Image Credit: © putilov_denis - stock.adobe.com

The role of electronic data capture (EDC) systems in clinical trials looks very different today than a decade ago. A recent poll of clinical data management experts attending a Veeva roundtable in Boston, MA indicates that most respondents (41%) use nine or more data providers in their clinical trials, with only 4% using one or two providers. Where EDCs were once the dominant data source, now data managers contend with many more, including third-party providers, connected devices, and electronic clinical outcome assessment (eCOA) applications.

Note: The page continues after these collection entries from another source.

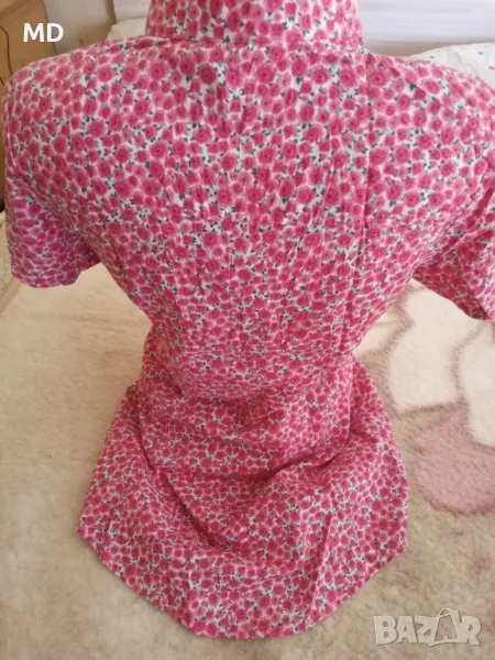 Дамска памучна туника на розови цветчета . На ръкава има копче да се навие и встрани на самата туника при желание.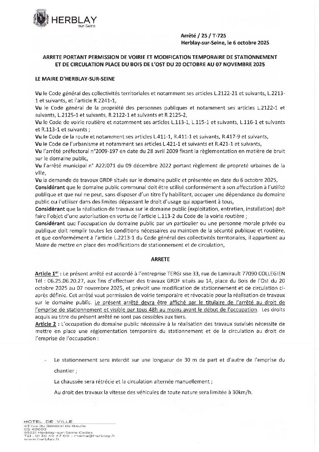 Arrêté portant permission de voirie et modification temporaire de stationnement et de circulation place du Bois de l’Ost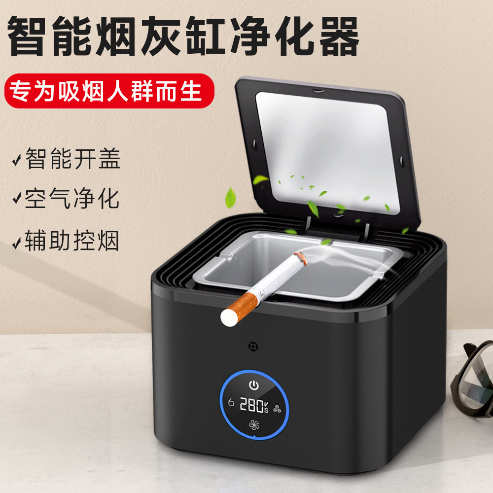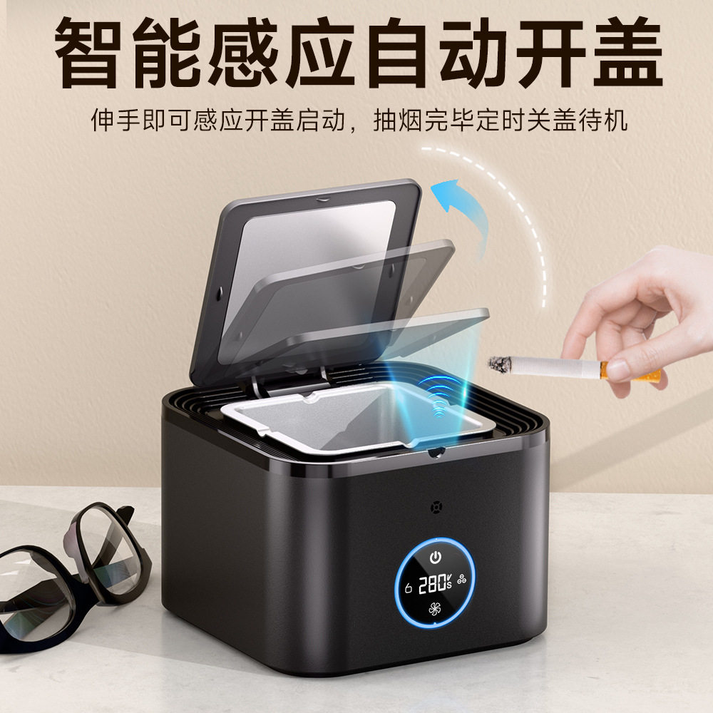 创意智能烟灰缸空气净化器家用商用办公桌面高档带盖防飞灰除烟味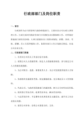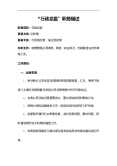 “行政总监”职务描述职务名称:行政总监直接上级:总经理直接下级:行政部经理、保卫部经理本职工作:统筹管理公司政务、事务、安全保卫、内部服务与对外联络工作。工作责任:一、业务职责1、参与制订公司年度总预算和季度预算调整,汇总、审核下级部门上报的月度预算并参加公司月度预算分析与平衡会议。2、负责公司行政方面重要会议、重大活动的组织筹备工作。3、领导公司的后勤服务工作,创造和保持良好的工作环境。4、定期组织做好办公职能检查,及时发现问题、解决问题,同时督促做好纠正和预防措施工作。5、负责定期召集员工建议审议委员会成员对合理化建议进行评审。6、接待公司重要来访客人,处理行政方面的重要函件。7、领导公司...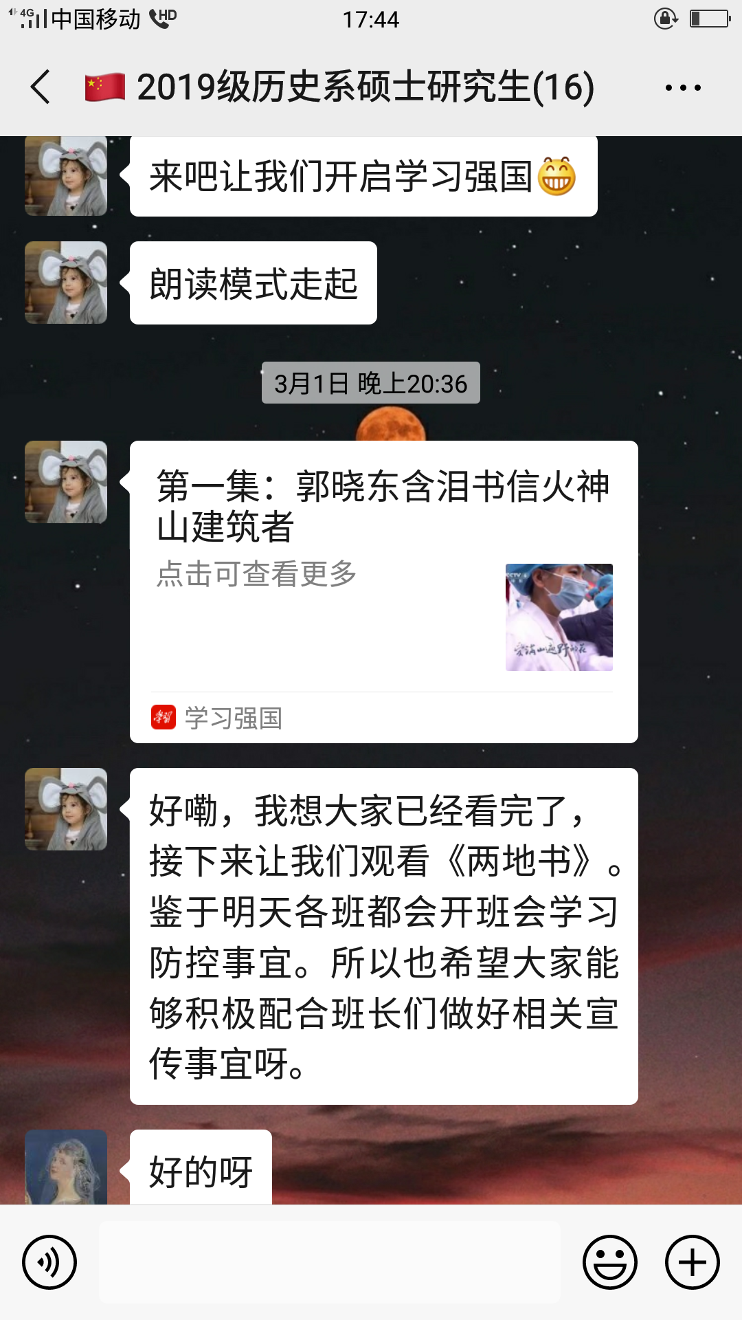 2020年2月28日, 2017级历史系硕士研究生党支部通过学习强国平台举行线上组织生活会,7名正式党员,5名预备党员参与本次会议。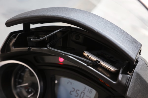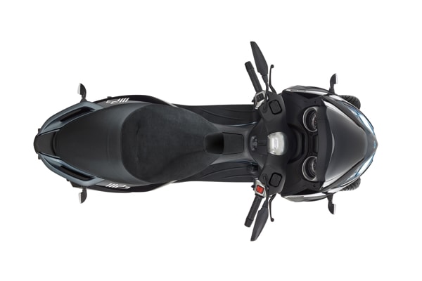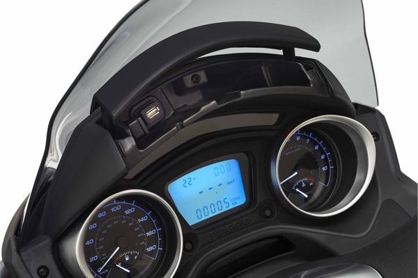 Like on the Piaggio MP3 “maxi” range models, the dashboard includes a modern instrument cluster made up of two conventional round displays and a multi-purpose digital display with data on fuel consumption (average and current), average and maximum speed, fuel gauge, travel time, and ambient temperature with ice alarm. The instrument panel also includes a clock, total and trip counter and battery voltage reader. The 11 lights on the instrument panel represent high beam function, indicator usage, reserve fuel, oil pressure, warning (injection), immobilizer, ABS, ASR and four emergency lights. Above the instruments, on the other hand, is a practical glove compartment with a drawer and USB connection, ideal for recharging a smartphone and any other enabled device.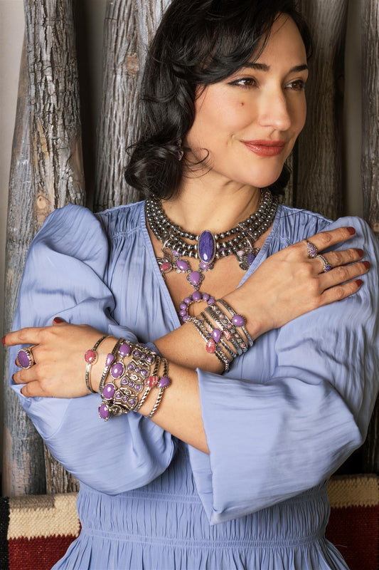 All the rhodonite jewelry from American West Jewelry is handcrafted and designed in our Albuquerque, New Mexico studio. Each pink rhodonite stone is carefully placed by hand into the sterling silver setting, ensuring that not only each stone, but each piece is truly unique.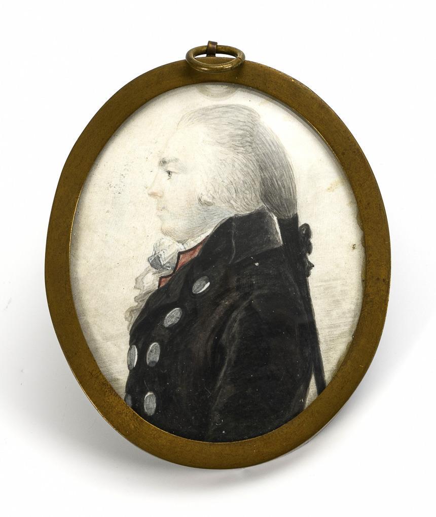 Pencil and ink or gouache. Brass strip and ebonized wooden frame: each with glazing. 7.5 x 6.5 cm and 7 x 5.5 cm respectively, frame maximum 13.5 x 11.5 cm.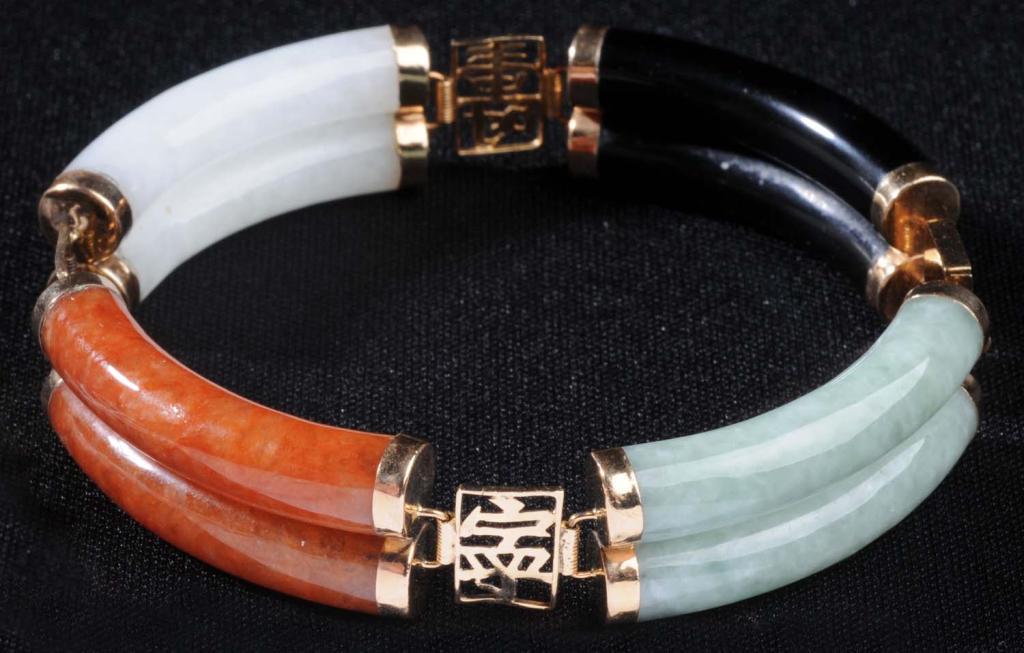 Description Marked "14K Gold". Light green to orange and dark green color variation with Oriental motif on links in between. Condition (Excellent). Size 7" L.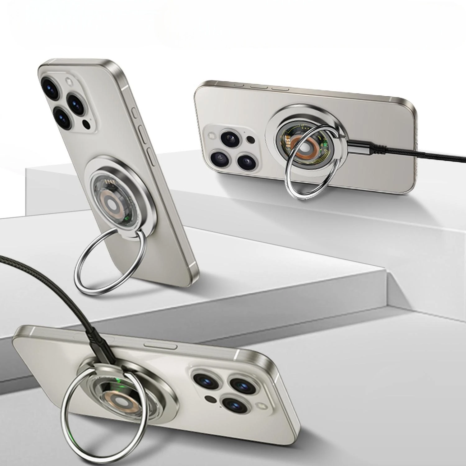 1. 20W magnetic wireless charging ring holder, three in one for iPhone, headphones, and watch.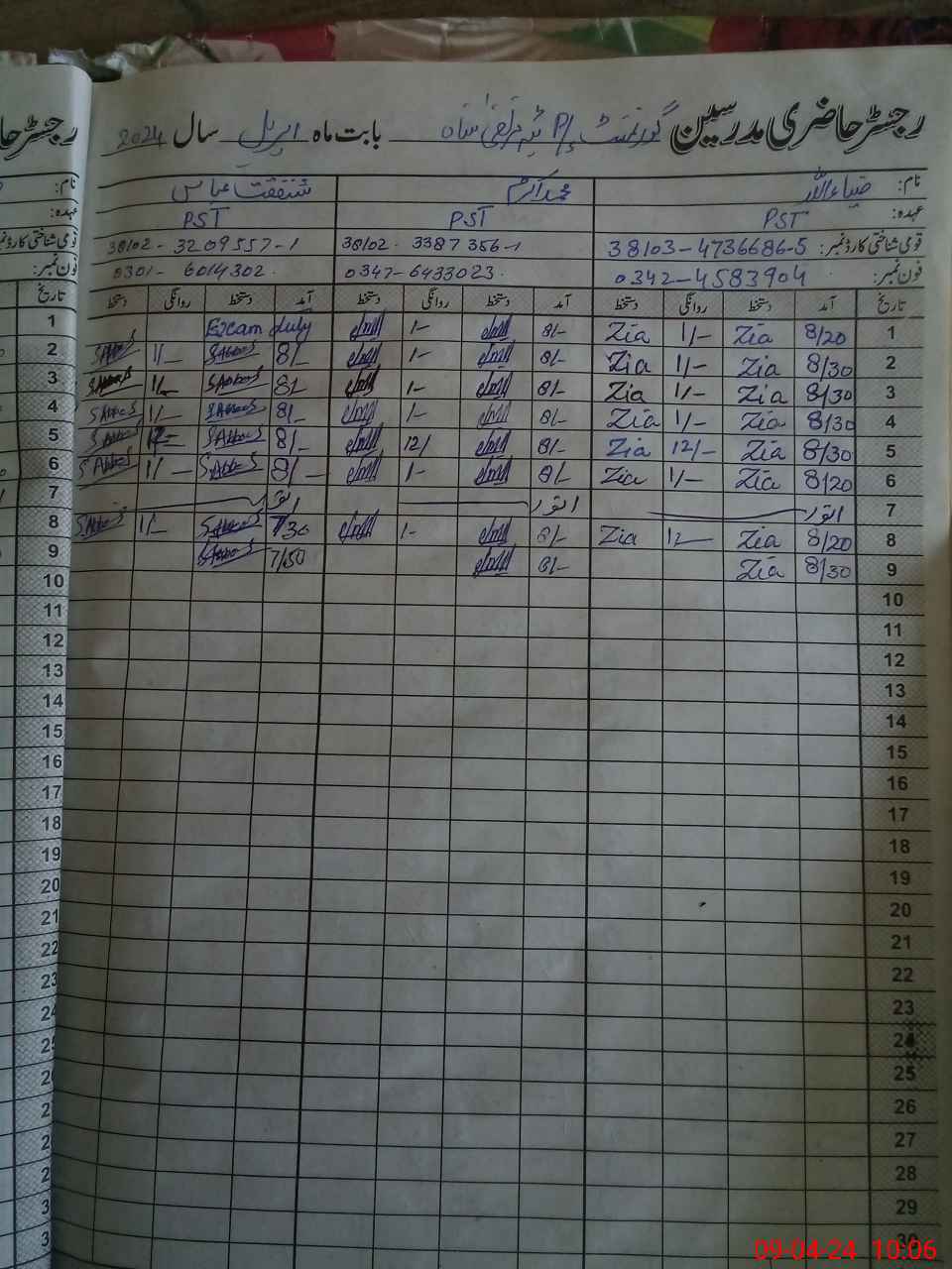 | Name: Sh**** Ab**** Designation: (School Headmaster's/Headmistress's) PST Phone/Cell Number: 03**** |

To provide study teams with reliable data for their mid-study decision-making, data managers will need to clean and harmonize data across these disparate sources. EDC, in combination with a generic database surfacing data into statistical analysis systems or Excel listings, has been the primary tool for this activity, given the historical lack of proper data management tools. The result—true clarity of a subject’s overall data cleanliness via a functional clean patient tracker—has been elusive. Creating a single patient record from diverse data sources requires a different approach to data management, one where EDC is part of a broader ecosystem that manages all data.

The significant changes to the role of EDCs force data management leaders to rethink how they evaluate systems when it comes to updating technology. Using the same processes from years past is no longer sufficient, and following the status quo can introduce unnecessary risk.

These challenges are prompting many sponsors to reconsider their EDC system and data workflow. Here are four key considerations for choosing a new EDC system.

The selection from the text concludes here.